Far below were two women, huddled under a single umbrella, waiting for the bus.

“What is that?” asked the woman with long grey-hair, watching thick globs of oily muck slide down their canopy and pool on the ground at their feet.

“Acid rain,” said the other elderly woman. “What did I tell you? It’s going to be 1952 all over again at this rate.”

She was referring to London’s great smog crisis that hadn’t even needed much of a nudge from Pollution to quietly slaughtered off 12,000 people. Luckily for her, it was nothing of the sort. No, this dirty mass of something wasn’t going to just go killing anyone willy-nilly. It had two somebodies specifically in mind.

_______________

“You really can’t feel it?”

They had, over the centuries, had this same conversation on several occasions.

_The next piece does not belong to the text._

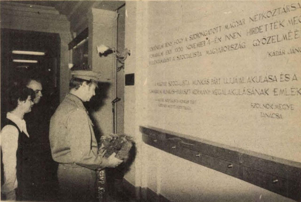 Négy évtizeddel ezelőtt november első napjaiban valahogy kevesebb szó esett a szentpétervári eseményekről, és kicsit több az 1956-os szolnokiakról. (Amikről azóta tudjuk, hogy valószínűleg nem, vagy nem teljesen úgy voltak, ahogy „elmondták”.) A Táncsics Mihály úti Helyőrségi Művelődési Otthonban (HEMO) például emlékkiállítás nyílt az akkor 25 éve alakult munkás-paraszt kormány emlékére. (Sajnos nem tudom, mit állíthattak ki.) A megyeházán pedig ünnepi tanácsülést rendeztek november 3-án, ami a tanácsterem bejárata melletti falon lévő, a forradalmi munkás-paraszt kormány „szolnoki megalakulására” emlékeztető márványtábla megkoszorúzásával zárult. Persze, november 7-éről is esett szó, igaz, 1981-ben már kevésbé avatásokkal és átadásokkal. De például az ünnep tiszteletére nyílt meg az az 1200 tárgyból álló kiállítás a Megyei Művelődési és Ifjúsági Központban, amely Szolnok megye testvérmegyéjét, az Észt Szovjet Szocialista Köztársaságot volt hivatott bemutatni.

“Still a demon,” said Crowley, gently patting the back of Destiny. She had, in one last screaming tantrum about how unjust it was neither of her parents were there, fallen dead asleep with her mouth still open.

Aziraphale took Crowley’s hand and lifted it so that it was a few inches above the baby. “No? Radiating off of her. Like the shine on an ice cream van in the summer or-” The angel removed his hand and sat a little straighter on the love seat beside Crowley as he thought. “Fresh strawberry jam. On crepes.”

“Love,” said Crowley and at the look of delight on Aziraphale’s face he rolled his eyes and added. “Can’t say I feel much of anything at all.”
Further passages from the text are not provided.